Most early Sun equipment required 512 block size also.

Not that I am casting doubt, but I am unaware of anything that required 2048 block size for optical devices.

If you have a workstation or server that required 2048 block size for optical media, please share!

That is the great thing about this list, I learn new stuff, all the time.

Jerry


On 06/ 1/16 06:07 PM, pete wrote:
On 01/06/2016 23:29, Swift Griggs wrote:
On Wed, 1 Jun 2016, Josh Dersch wrote:
it can support multiple drives on a single board, pretend to be a
CD-ROM, etc, etc, etc. 4) It's considerably cheaper.
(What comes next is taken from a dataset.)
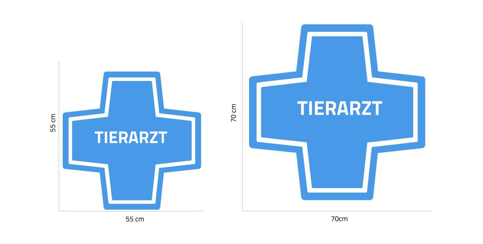 Tierarztkreuz mit LED-Beleuchtung für Tierkliniken, erhältlich in zwei verschiedenen Größen: 55 x 55 cm und 70 x 70 cm.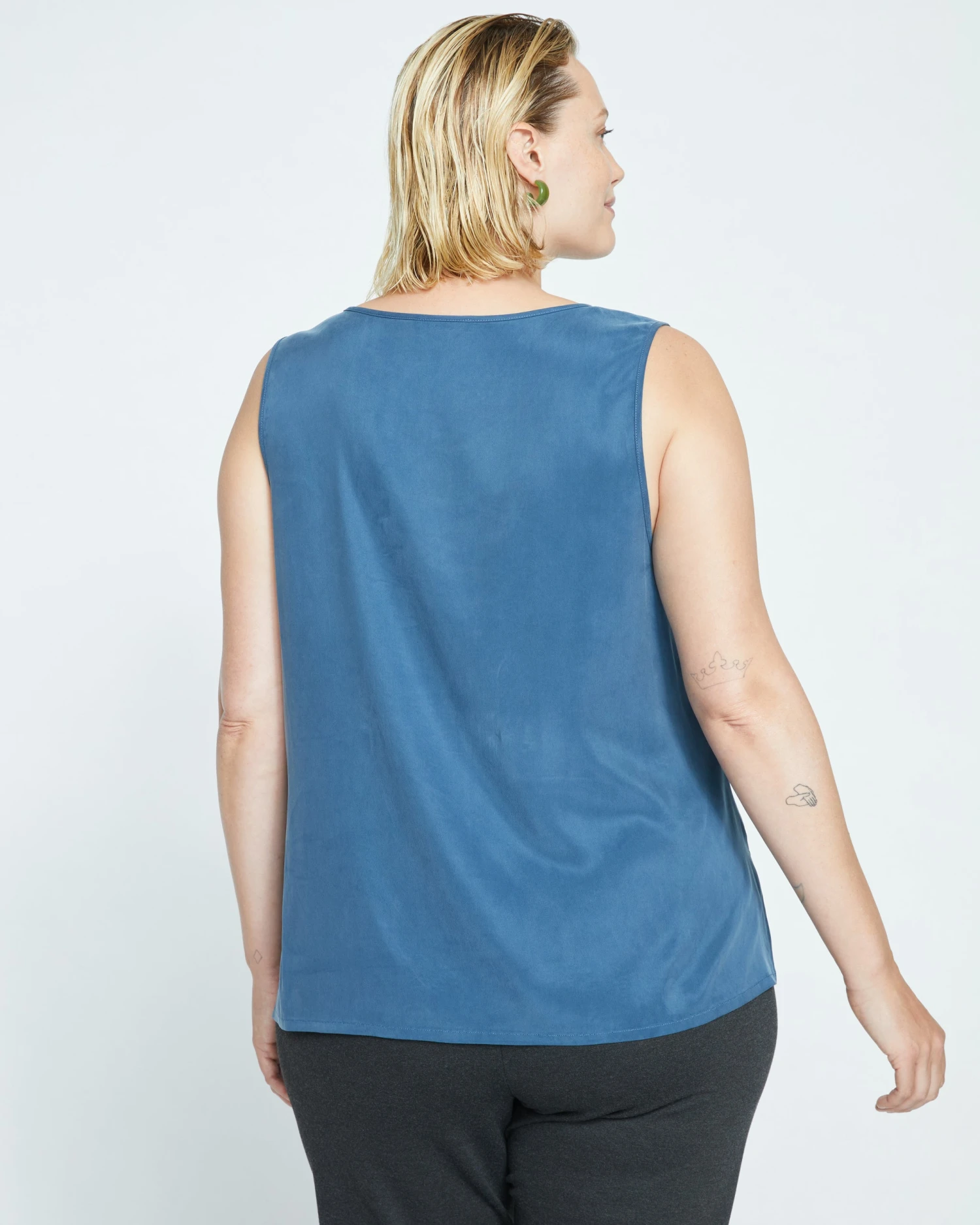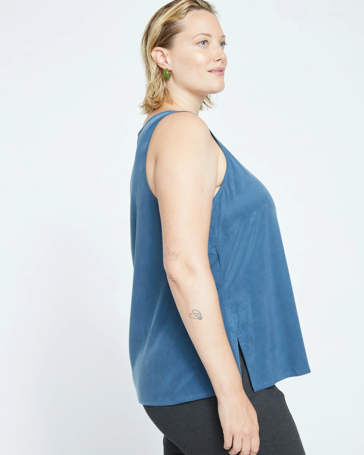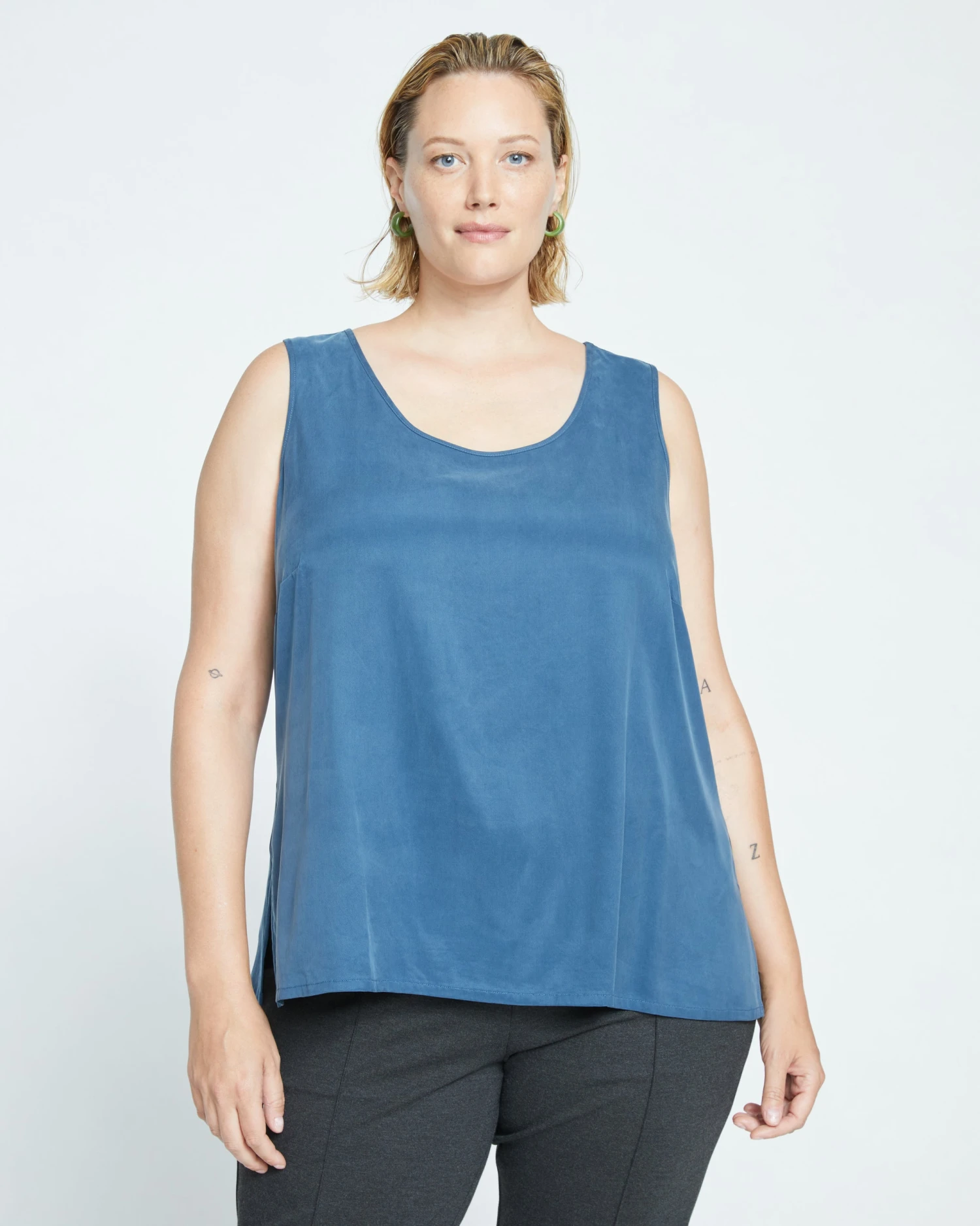 The day-to-night tank of the season. Easy yet elevated, this straight-fit tank is made from our new stretch cupro fabric that feels as smooth as silk but is way easier to care for. As in, it’s machine washable! It features a scoop neck with a luxe binding finish and side slits at the hem. Wear yours with the Cooling Stretch Cupro Pants or Cooling Stretch Cupro Bias Skirt for the full look.

That's an excellent feature that I'm sure would come in handy, especially
if it can emulate a CDROM with a 2048 block size. That'd be super-helpful
on an SGI, and would probably make the mind-numbing 'inst' operations take
a little less time.

AAT.  2048 bytes is the common CDROM standard, used by PCs and their ilk,
whereas SGIs want 512-byte blocks on CDROMs.  Some SGIs/IRIX versions (eg Indy
and later, running IRIX 5.3 or later) will issue a command to make the CDROM
switch to 512-byte blocks instead of their default 2048.  Most modern SCSI
CDROMs honour that, but older ones may have jumpers or PCB links that need to be
set.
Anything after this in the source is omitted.